__Data for the task__.
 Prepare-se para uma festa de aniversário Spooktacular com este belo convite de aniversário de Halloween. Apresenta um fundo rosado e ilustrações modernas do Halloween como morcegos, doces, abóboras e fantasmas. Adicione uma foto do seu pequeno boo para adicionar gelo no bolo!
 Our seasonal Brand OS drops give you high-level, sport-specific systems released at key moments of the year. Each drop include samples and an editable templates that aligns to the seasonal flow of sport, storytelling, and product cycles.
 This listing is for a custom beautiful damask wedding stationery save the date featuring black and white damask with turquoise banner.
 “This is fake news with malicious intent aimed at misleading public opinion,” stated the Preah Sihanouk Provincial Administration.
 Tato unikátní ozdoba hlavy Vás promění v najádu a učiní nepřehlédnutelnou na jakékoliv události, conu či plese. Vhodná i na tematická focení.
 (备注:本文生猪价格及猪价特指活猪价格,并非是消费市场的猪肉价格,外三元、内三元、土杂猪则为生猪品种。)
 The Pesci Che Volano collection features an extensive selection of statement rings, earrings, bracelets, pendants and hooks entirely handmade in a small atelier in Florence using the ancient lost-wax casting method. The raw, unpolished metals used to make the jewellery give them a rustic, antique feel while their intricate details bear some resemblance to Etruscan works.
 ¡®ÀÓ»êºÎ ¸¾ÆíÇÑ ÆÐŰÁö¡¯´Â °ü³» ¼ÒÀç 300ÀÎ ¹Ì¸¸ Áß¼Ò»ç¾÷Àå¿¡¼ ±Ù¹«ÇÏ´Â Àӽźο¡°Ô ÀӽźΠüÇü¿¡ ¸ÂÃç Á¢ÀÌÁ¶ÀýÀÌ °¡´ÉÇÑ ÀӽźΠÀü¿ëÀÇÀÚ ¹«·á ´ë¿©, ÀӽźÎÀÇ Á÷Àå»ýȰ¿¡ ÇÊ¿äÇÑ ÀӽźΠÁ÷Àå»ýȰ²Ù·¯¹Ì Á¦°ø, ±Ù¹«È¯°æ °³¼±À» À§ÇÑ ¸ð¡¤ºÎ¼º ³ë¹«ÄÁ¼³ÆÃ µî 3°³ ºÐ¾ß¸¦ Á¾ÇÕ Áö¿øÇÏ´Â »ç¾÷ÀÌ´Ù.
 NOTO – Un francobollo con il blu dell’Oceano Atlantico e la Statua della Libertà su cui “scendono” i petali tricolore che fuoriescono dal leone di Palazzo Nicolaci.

__Your objective__. Output the material again, line for line.

__Output__.
 Prepare-se para uma festa de aniversário Spooktacular com este belo convite de aniversário de Halloween. Apresenta um fundo rosado e ilustrações modernas do Halloween como morcegos, doces, abóboras e fantasmas. Adicione uma foto do seu pequeno boo para adicionar gelo no bolo!
 Our seasonal Brand OS drops give you high-level, sport-specific systems released at key moments of the year. Each drop include samples and an editable templates that aligns to the seasonal flow of sport, storytelling, and product cycles.
 This listing is for a custom beautiful damask wedding stationery save the date featuring black and white damask with turquoise banner.
 “This is fake news with malicious intent aimed at misleading public opinion,” stated the Preah Sihanouk Provincial Administration.
 Tato unikátní ozdoba hlavy Vás promění v najádu a učiní nepřehlédnutelnou na jakékoliv události, conu či plese. Vhodná i na tematická focení.
 (备注:本文生猪价格及猪价特指活猪价格,并非是消费市场的猪肉价格,外三元、内三元、土杂猪则为生猪品种。)
 The Pesci Che Volano collection features an extensive selection of statement rings, earrings, bracelets, pendants and hooks entirely handmade in a small atelier in Florence using the ancient lost-wax casting method. The raw, unpolished metals used to make the jewellery give them a rustic, antique feel while their intricate details bear some resemblance to Etruscan works.
 ¡®ÀÓ»êºÎ ¸¾ÆíÇÑ ÆÐŰÁö¡¯´Â °ü³» ¼ÒÀç 300ÀÎ ¹Ì¸¸ Áß¼Ò»ç¾÷Àå¿¡¼ ±Ù¹«ÇÏ´Â Àӽźο¡°Ô ÀӽźΠüÇü¿¡ ¸ÂÃç Á¢ÀÌÁ¶ÀýÀÌ °¡´ÉÇÑ ÀӽźΠÀü¿ëÀÇÀÚ ¹«·á ´ë¿©, ÀӽźÎÀÇ Á÷Àå»ýȰ¿¡ ÇÊ¿äÇÑ ÀӽźΠÁ÷Àå»ýȰ²Ù·¯¹Ì Á¦°ø, ±Ù¹«È¯°æ °³¼±À» À§ÇÑ ¸ð¡¤ºÎ¼º ³ë¹«ÄÁ¼³ÆÃ µî 3°³ ºÐ¾ß¸¦ Á¾ÇÕ Áö¿øÇÏ´Â »ç¾÷ÀÌ´Ù.
 NOTO – Un francobollo con il blu dell’Oceano Atlantico e la Statua della Libertà su cui “scendono” i petali tricolore che fuoriescono dal leone di Palazzo Nicolaci.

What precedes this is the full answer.